→ WHAT YOU WILL DO
Apart from the images, output the data below exactly.

→ Stored items from a collection

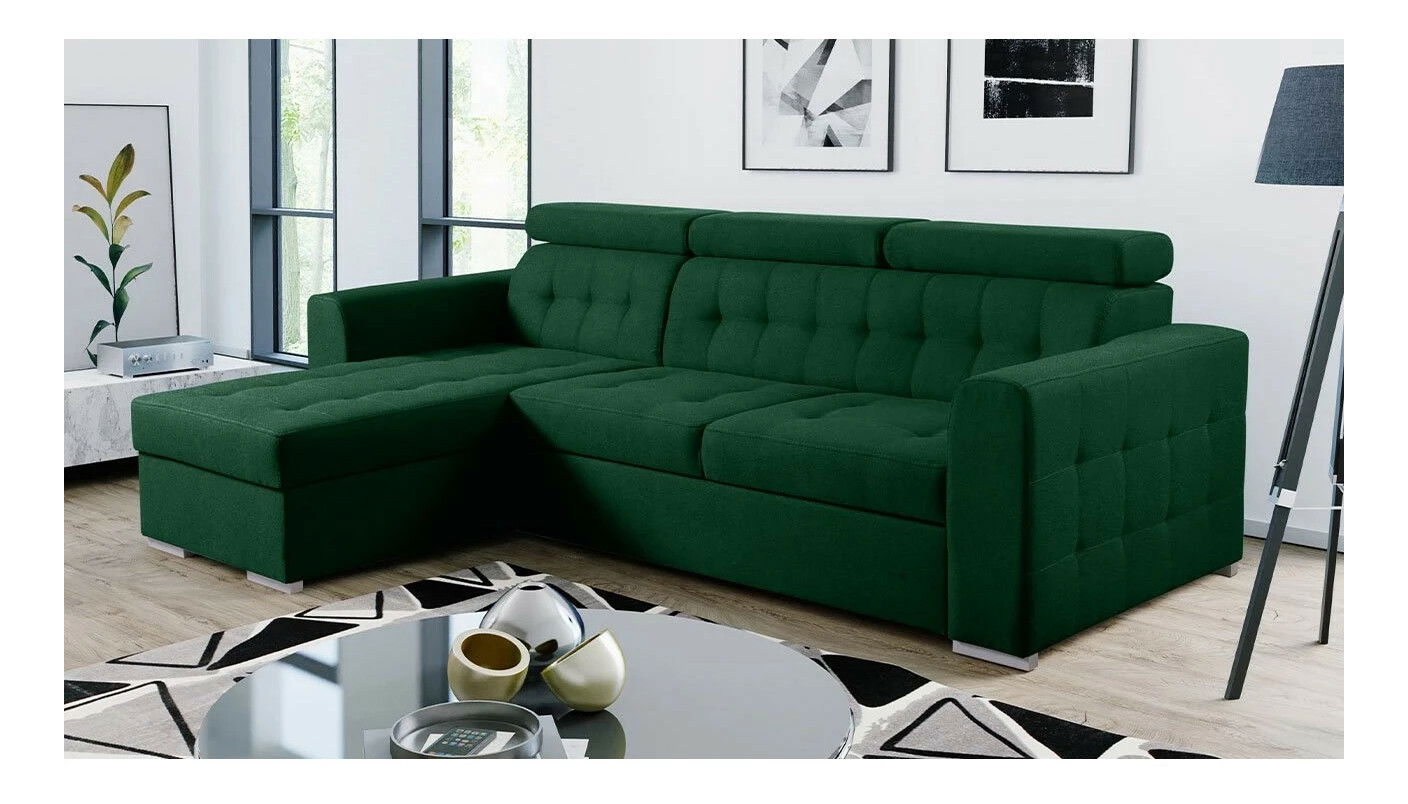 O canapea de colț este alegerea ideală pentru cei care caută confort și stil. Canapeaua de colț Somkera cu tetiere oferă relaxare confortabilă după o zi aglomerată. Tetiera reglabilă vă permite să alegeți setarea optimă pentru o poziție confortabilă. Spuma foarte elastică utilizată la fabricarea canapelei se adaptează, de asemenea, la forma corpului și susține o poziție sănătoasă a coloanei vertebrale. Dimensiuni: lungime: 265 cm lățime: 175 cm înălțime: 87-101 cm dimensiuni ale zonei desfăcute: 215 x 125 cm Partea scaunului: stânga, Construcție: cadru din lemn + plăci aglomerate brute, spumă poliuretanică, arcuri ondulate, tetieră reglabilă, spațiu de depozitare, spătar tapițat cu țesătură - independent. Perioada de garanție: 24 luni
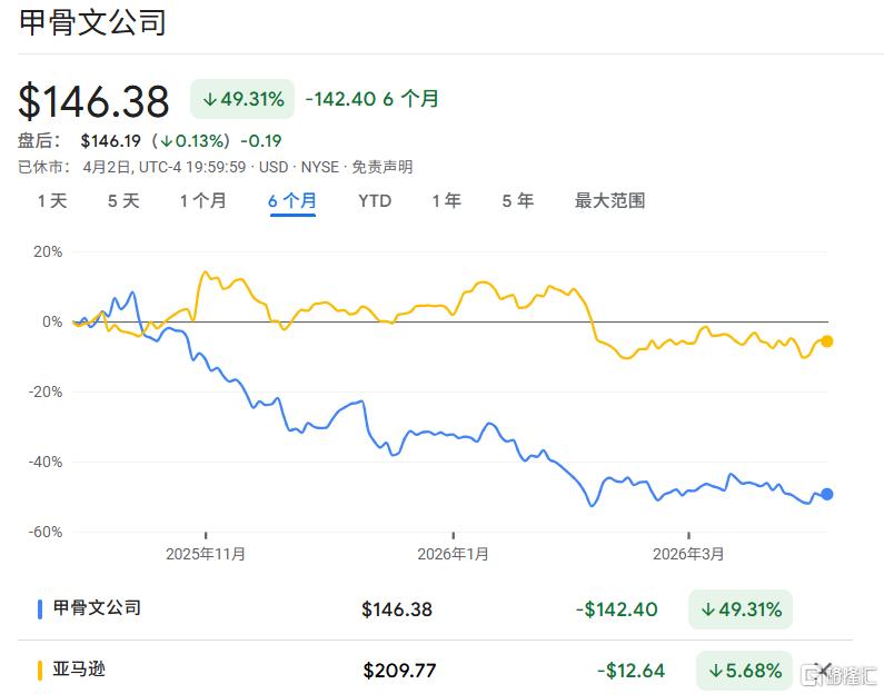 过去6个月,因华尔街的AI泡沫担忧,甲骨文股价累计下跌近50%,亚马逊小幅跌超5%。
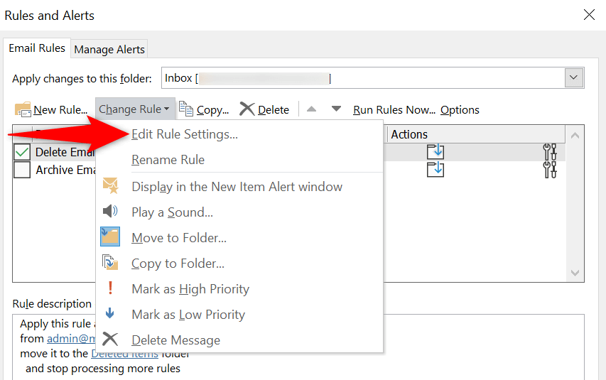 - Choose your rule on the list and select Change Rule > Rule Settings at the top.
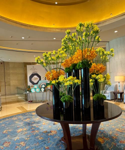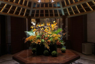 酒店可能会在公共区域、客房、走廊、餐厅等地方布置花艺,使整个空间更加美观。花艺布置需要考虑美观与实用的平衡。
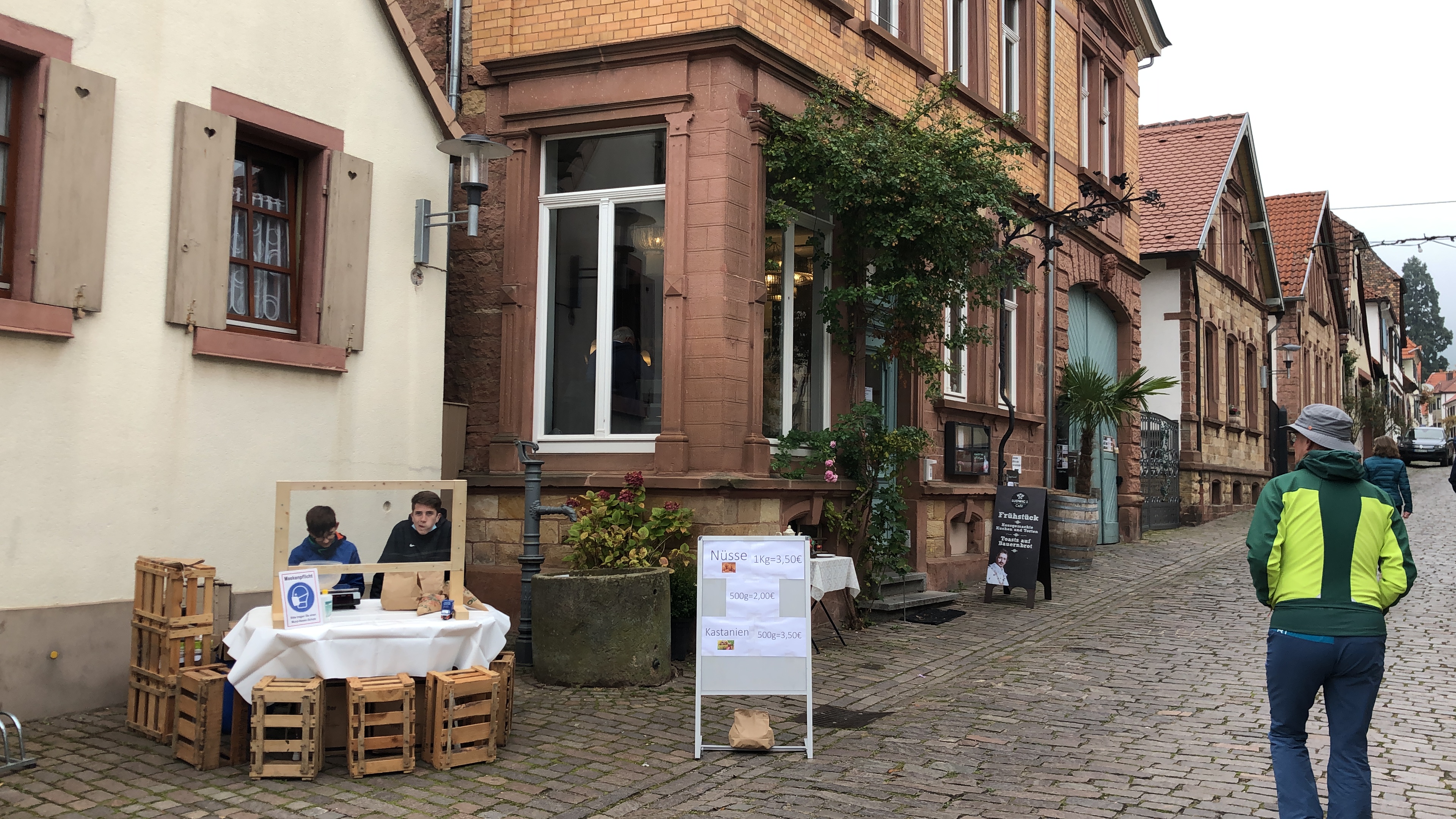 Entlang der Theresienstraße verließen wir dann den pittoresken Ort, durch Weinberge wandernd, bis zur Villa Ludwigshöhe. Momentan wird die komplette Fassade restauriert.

→ RESPONSE TO THE EXERCISE
 O canapea de colț este alegerea ideală pentru cei care caută confort și stil. Canapeaua de colț Somkera cu tetiere oferă relaxare confortabilă după o zi aglomerată. Tetiera reglabilă vă permite să alegeți setarea optimă pentru o poziție confortabilă. Spuma foarte elastică utilizată la fabricarea canapelei se adaptează, de asemenea, la forma corpului și susține o poziție sănătoasă a coloanei vertebrale. Dimensiuni: lungime: 265 cm lățime: 175 cm înălțime: 87-101 cm dimensiuni ale zonei desfăcute: 215 x 125 cm Partea scaunului: stânga, Construcție: cadru din lemn + plăci aglomerate brute, spumă poliuretanică, arcuri ondulate, tetieră reglabilă, spațiu de depozitare, spătar tapițat cu țesătură - independent. Perioada de garanție: 24 luni
 过去6个月,因华尔街的AI泡沫担忧,甲骨文股价累计下跌近50%,亚马逊小幅跌超5%。
 - Choose your rule on the list and select Change Rule > Rule Settings at the top.
 酒店可能会在公共区域、客房、走廊、餐厅等地方布置花艺,使整个空间更加美观。花艺布置需要考虑美观与实用的平衡。
 Entlang der Theresienstraße verließen wir dann den pittoresken Ort, durch Weinberge wandernd, bis zur Villa Ludwigshöhe. Momentan wird die komplette Fassade restauriert.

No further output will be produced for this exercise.